On October 16, new requirements under the Telephone Consumer Protection Act (TCPA) will take effect. The TCPA, first enacted in 1991, prohibits companies from contacting consumers over their cell phones using automated dialing technology or pre-recorded/computerized messages. The new requirements will help protect customers from unwanted telemarketing and make the Federal Communication Commission’s rules consistent with the Federal Trade Commision’s analogous Telemarketing Sales Rule.
The new requirements will help protect customers from unwanted telemarketing.
Most of the changes have been made to already existing “consent regulations.” Now, the FCC will require prior written consent for auto-dialed messages or marketing calls/texts made to any cell phone or residential landline.
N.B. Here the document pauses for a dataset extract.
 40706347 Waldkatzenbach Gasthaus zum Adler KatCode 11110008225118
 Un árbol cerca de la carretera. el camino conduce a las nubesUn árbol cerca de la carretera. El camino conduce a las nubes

Written consent will now require full disclosure on behalf of consumers that they will receive auto-dialed/pre-recorded calls or texts from a specific seller, and the consumer must acknowledge they have been informed of the consequences relating to consent and have agreed to receive such calls. In addition, companies cannot force consumers into consent by requiring consent as a prerequisite to purchasing any goods or services. The FCC will not be offering a “grandfathering” option, so companies may have to gain newly written consent from existing users or subscribers even if they have previously expressed consent.
Recently, numerous class action suits have been filed over violations of the TCPA. Earlier this year, a class action suit filed against DirecTV alleged that the company contacted consumers’ cell phones and used pre-recorded messages to offer their satellite television services. When Bank of America faced six class actions over similar allegations earlier this year, they proposed a $32 million settlement to resolve the suits. The TCPA currently allows damages of $500 and $1,500 per negligent or willful violation of the act, respectively.
The newly enacted regulations, in placing a far greater burden on companies and requiring much more specific wording, are designed to protect users’ privacy. Considering the already high number of TCPA cases filed annually, it seems likely that courts will soon find themselves bombarded with a greater number of cases than ever before as companies adjust to the new requirements.